Beams and Bending Stresses
As already stated that beams are one of the most common elements in the form of structures, frames, shafts, rafter, etc. Any intermittently supported member which is subjected to load transverse to its length is to be considered as a beam. Any beam under load will have a combination of normal and shear stress distributed across the cross-section.
For analyzing the beam stresses, the following assumptions are made.
> Beam is loaded in the plane of symmetry.
> Cross-section of the beam remains plane and perpendicular to the neutral axis during bending. (which also means the length of the beam is large compared to cross-section height and deflection is small)
> Material of the beam is homogenous and obey ’s hooks law.
> Stresses remain below the elastic limit and deflection is small.
> The beam is subjected to pure bending load with no axial or shear loads
> The bean is initially straight.
> The segment that is analyzed is distant from applied loads or external constraints on the beam.
Refer to below diagram where a segment of beam is shown in unloaded and loaded condition. After applying the load, the outer fibers AA comes under compressive load and inner fiber BB comes under tensile load. This is the reason for bending stress. Bending stress is zero as neutral axis and increases as we go away from neutral axis and is maximum at the surface.
M/I = E/R = σ/y
Shear Stress due to Transverse Loading
The more common condition in a beam loading is a combination of both shear force and bending moment applied to a particular section. Now imagine a small cut-out “P” from the beam section at point A (refer to shear force and bending moment diagram). As Bending moment at Point A is increasing as a function of beam length from left to right. So, the bending stress on the right-side face of “P” is higher than on the left-side face. For equilibrium, this stress imbalance must be counteracted by some other stress component, which is shown as shear stress Ʈ (also known as horizontal shear stress).
Looking at the equation of shear stress, it is maximum at the neutral axis and minimum at the surface (outer fiber). However, normal stress σ is zero at the neutral axis and maximum as the surface. So, the combination of normal stress and shear stress hardly creates a worse stress state than exists at the outer fibers.
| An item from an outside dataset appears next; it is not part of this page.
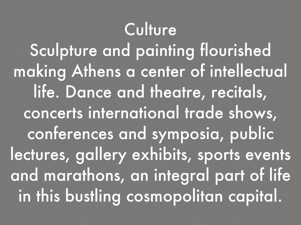 Sculpture and painting flourished making Athens a center of intellectual life. Dance and theatre, recitals, concerts international trade shows, conferences and symposia, public lectures, gallery exhibits, sports events and marathons, an integral part of life in this bustling cosmopolitan capital.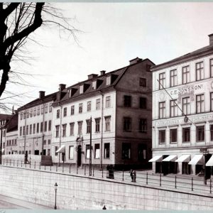 Gatan har fortfarande samma sträckning och lutar ungefär lika mycket. Bara några av husen längst bort, finns kvar än idag. Dom andra har bytts ut, mot några betydligt större. Sannolikt är dom också bättre byggda.

The shear stress due to transverse loading is small as compared to bending stress if the length of the beam is bigger than the depth. A commonly used thumb rule says that if the L/D ratio (length to depth of beam) is more than 10 then shear due to transverse loading will be small enough to ignore. However, short beams should be investigated for transverse shear stress as well as for bending stress.
Refer to the below diagram for a simply supported beam with 4 point loads, 4 uniformly distributed loads, 4-moment loads, and supported at 2 points. Follow this diagram to use the calculation program below.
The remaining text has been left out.